You are given an array prices where prices[i] is the price of a given stock on the ith day.
Find the maximum profit you can achieve. You may complete as many transactions as you like (i.e., buy one and sell one share of the stock multiple times) with the following restrictions:

• After you sell your stock, you cannot buy stock on the next day (i.e., cooldown one day).

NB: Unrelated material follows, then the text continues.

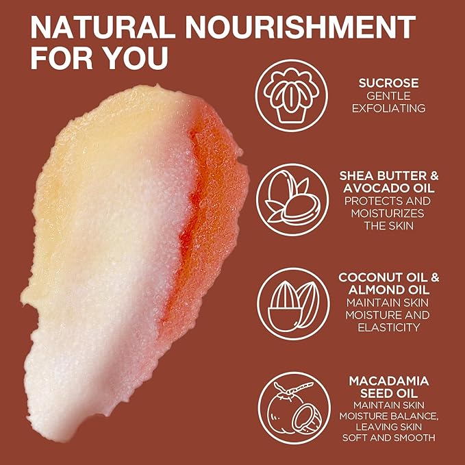 • NATURAL NOURISHMENT: Our Brown Sugar Body Scrub is enriched with natural nutrients such as Shea Butter, Coconut Oil and Vitamin E , which can effectively penetrate the skin, remove impurities, deeply nourish, leaving skin burden-free, soft, smooth and youthful.

Note: You may not engage in multiple transactions simultaneously (i.e., you must sell the stock before you buy again).

2. Example

Example 1:
Input: prices = [1,2,3,0,2]
Output: 3
Explanation: transactions = [buy, sell, cooldown, buy, sell]

Example 2:
Input: prices = [1]
Output: 0

3. Constraints

• 1 <= prices.length <= 5000
• 0 <= prices[i] <= 1000

4. Solutions

My Accepted Solution

n = prices.size()
Time complexity : O(n)
Space complexity : O(1)

class Solution {
public:
    int maxProfit(const vector<int> &prices) {
        cin.tie(nullptr);
        std::ios::sync_with_stdio(false);

        int max_profits0 = -prices[0]; // 0 means we own a stock
        int max_profits1 = 0;          // 1 means we don't own a stock and in cooldown
        int max_profits2 = 0;          // 2 means we don't own a stock and not in cooldown
        for (int i = 1; i < prices.size(); ++i) {
            tie(max_profits0, max_profits1, max_profits2) = make_tuple(
                max(max_profits0, max_profits2 - prices[i]),
                max_profits0 + prices[i],
                max(max_profits1, max_profits2));
        }

        int result = max(max_profits1, max_profits2);
        return result;
    }
};